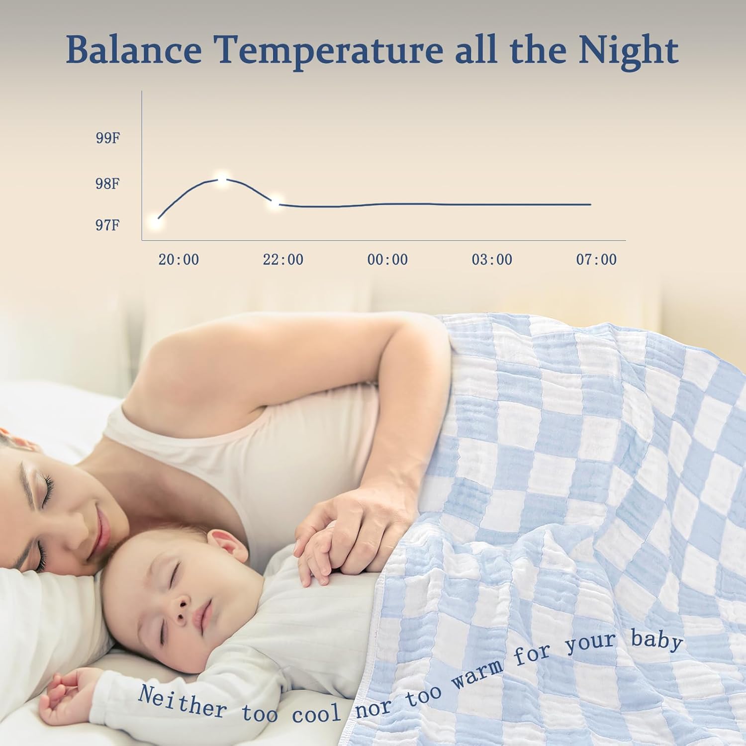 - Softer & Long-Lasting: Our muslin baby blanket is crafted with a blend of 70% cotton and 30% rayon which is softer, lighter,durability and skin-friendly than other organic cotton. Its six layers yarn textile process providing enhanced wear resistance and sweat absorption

---

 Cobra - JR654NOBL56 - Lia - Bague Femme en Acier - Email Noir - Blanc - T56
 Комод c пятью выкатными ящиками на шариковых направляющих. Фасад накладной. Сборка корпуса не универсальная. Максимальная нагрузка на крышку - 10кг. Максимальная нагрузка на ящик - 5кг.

...

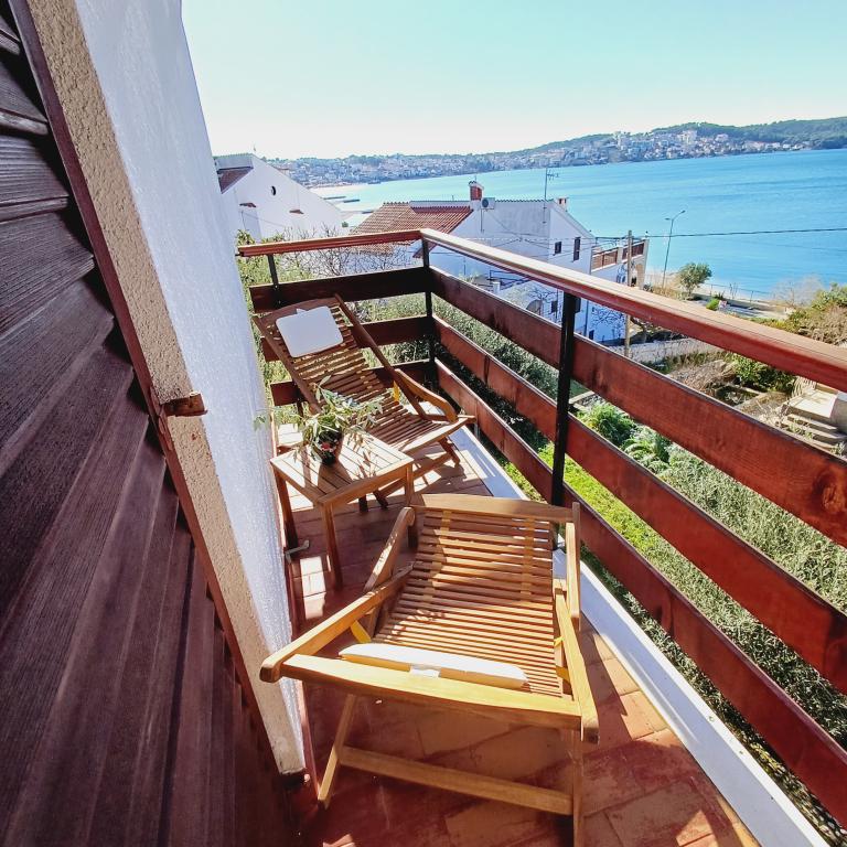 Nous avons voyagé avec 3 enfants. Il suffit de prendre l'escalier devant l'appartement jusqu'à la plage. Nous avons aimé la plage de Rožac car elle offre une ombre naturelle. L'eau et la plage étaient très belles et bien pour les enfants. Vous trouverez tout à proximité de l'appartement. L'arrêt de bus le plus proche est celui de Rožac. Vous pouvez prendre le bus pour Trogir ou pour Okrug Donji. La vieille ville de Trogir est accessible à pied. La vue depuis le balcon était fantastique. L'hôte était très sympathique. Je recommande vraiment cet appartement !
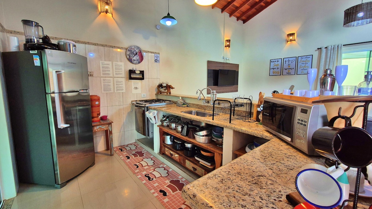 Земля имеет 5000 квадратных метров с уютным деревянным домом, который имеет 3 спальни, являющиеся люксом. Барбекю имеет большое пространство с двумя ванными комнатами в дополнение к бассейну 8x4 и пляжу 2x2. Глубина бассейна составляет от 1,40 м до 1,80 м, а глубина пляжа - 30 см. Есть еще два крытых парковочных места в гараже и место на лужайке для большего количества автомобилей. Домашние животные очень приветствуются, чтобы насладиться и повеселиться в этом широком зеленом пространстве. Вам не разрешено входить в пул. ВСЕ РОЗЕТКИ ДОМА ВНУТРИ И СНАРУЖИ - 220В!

*Exercise requirements:* Please output the lines above beginning at the line with "Nous avons voyagé" and ending after the line with "Земля имеет 5000", precisely as written and with no pictures.

*Solution:*
 Nous avons voyagé avec 3 enfants. Il suffit de prendre l'escalier devant l'appartement jusqu'à la plage. Nous avons aimé la plage de Rožac car elle offre une ombre naturelle. L'eau et la plage étaient très belles et bien pour les enfants. Vous trouverez tout à proximité de l'appartement. L'arrêt de bus le plus proche est celui de Rožac. Vous pouvez prendre le bus pour Trogir ou pour Okrug Donji. La vieille ville de Trogir est accessible à pied. La vue depuis le balcon était fantastique. L'hôte était très sympathique. Je recommande vraiment cet appartement !
 Земля имеет 5000 квадратных метров с уютным деревянным домом, который имеет 3 спальни, являющиеся люксом. Барбекю имеет большое пространство с двумя ванными комнатами в дополнение к бассейну 8x4 и пляжу 2x2. Глубина бассейна составляет от 1,40 м до 1,80 м, а глубина пляжа - 30 см. Есть еще два крытых парковочных места в гараже и место на лужайке для большего количества автомобилей. Домашние животные очень приветствуются, чтобы насладиться и повеселиться в этом широком зеленом пространстве. Вам не разрешено входить в пул. ВСЕ РОЗЕТКИ ДОМА ВНУТРИ И СНАРУЖИ - 220В!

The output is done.